PROBLEM STATEMENT:
Among the lines below, keep only those from the one containing "在经过________年年下" through the one containing "hi i have 2", and reproduce them exactly.
---- DATA SHOWN
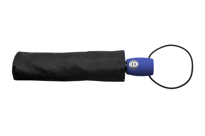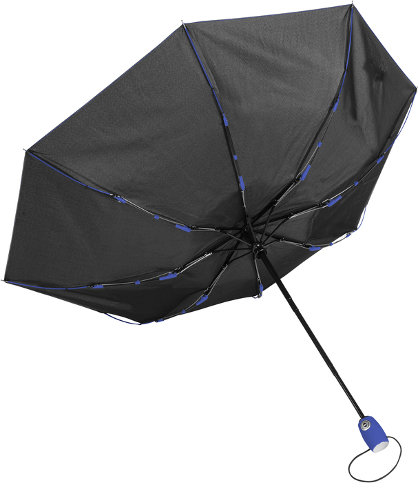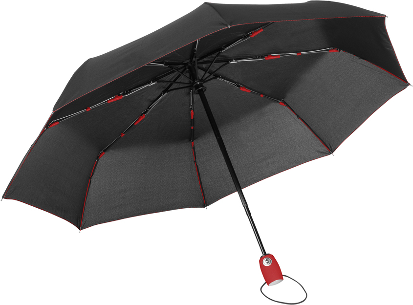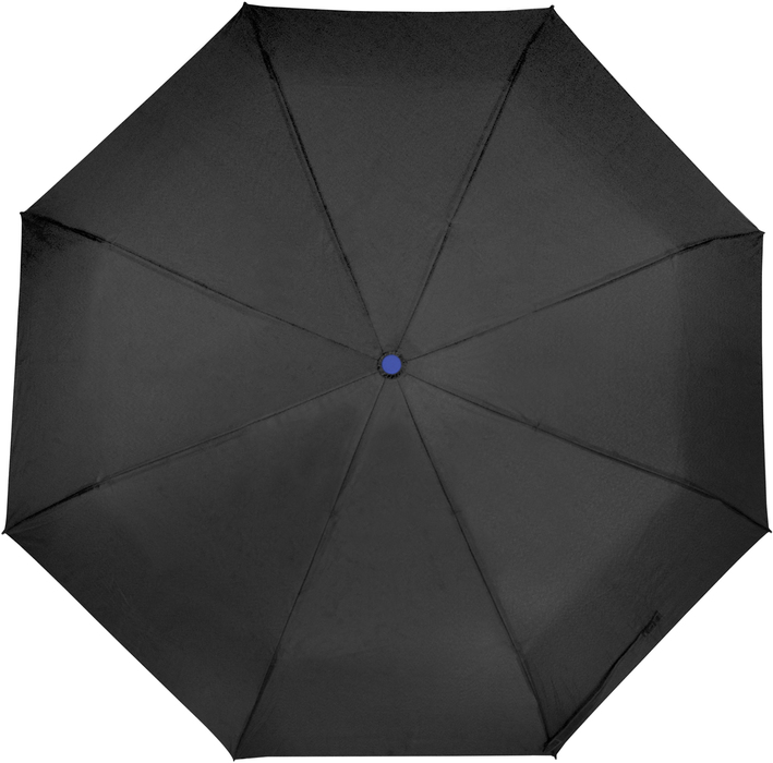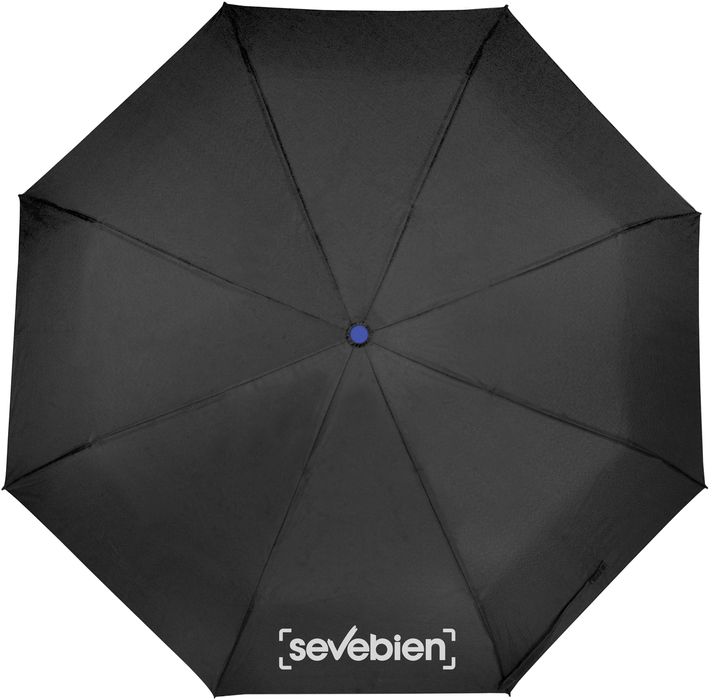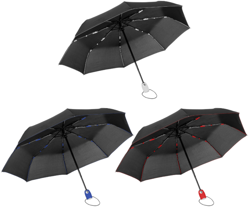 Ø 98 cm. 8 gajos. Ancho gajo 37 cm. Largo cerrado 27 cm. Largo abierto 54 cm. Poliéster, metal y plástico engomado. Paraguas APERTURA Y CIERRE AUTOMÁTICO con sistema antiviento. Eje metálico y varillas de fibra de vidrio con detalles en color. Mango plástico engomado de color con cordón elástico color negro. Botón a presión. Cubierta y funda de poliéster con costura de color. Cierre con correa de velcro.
--------
---- DATA SHOWN
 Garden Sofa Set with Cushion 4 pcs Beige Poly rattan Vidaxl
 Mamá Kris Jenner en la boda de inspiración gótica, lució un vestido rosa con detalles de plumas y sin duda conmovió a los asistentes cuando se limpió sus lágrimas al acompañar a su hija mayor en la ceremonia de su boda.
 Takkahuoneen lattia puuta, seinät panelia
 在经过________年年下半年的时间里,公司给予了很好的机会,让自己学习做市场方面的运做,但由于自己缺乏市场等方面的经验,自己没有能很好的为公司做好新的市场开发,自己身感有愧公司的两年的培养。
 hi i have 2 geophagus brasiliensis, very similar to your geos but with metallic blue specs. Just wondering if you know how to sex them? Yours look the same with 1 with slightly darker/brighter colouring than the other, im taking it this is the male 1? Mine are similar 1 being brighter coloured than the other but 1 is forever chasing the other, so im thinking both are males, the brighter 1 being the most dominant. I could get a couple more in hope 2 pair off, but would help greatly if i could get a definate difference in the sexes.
--------
---- DATA SHOWN
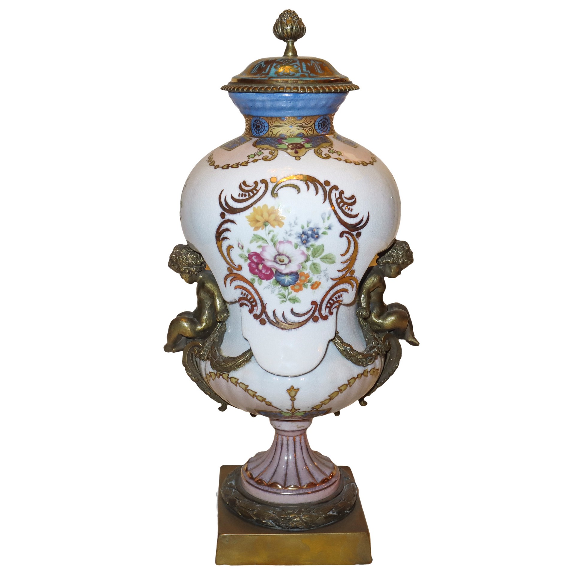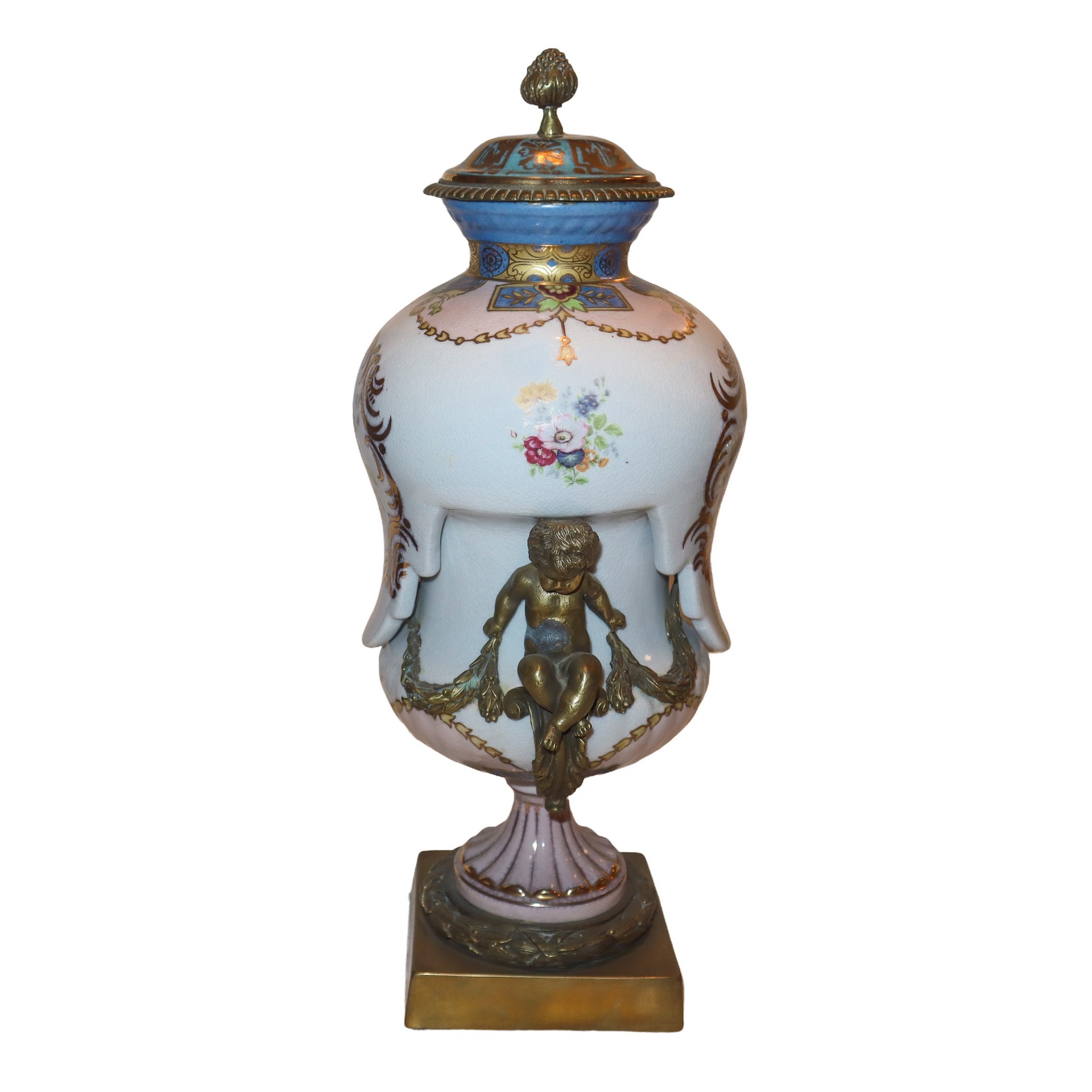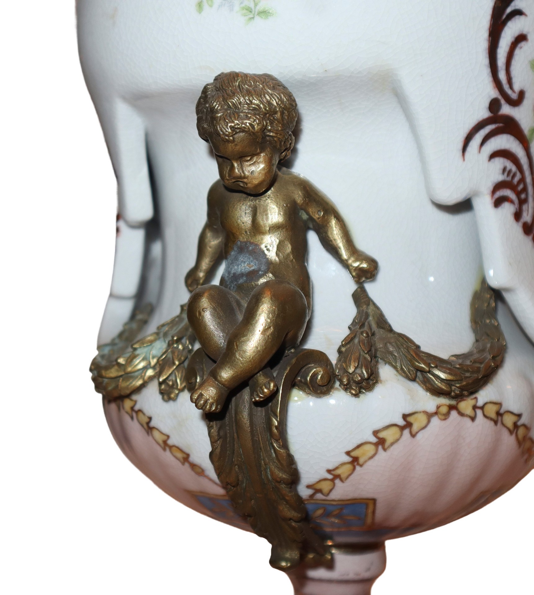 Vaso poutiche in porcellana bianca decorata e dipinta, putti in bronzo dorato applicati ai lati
--------
EXERCISE OUTPUT:
 在经过________年年下半年的时间里,公司给予了很好的机会,让自己学习做市场方面的运做,但由于自己缺乏市场等方面的经验,自己没有能很好的为公司做好新的市场开发,自己身感有愧公司的两年的培养。
 hi i have 2 geophagus brasiliensis, very similar to your geos but with metallic blue specs. Just wondering if you know how to sex them? Yours look the same with 1 with slightly darker/brighter colouring than the other, im taking it this is the male 1? Mine are similar 1 being brighter coloured than the other but 1 is forever chasing the other, so im thinking both are males, the brighter 1 being the most dominant. I could get a couple more in hope 2 pair off, but would help greatly if i could get a definate difference in the sexes.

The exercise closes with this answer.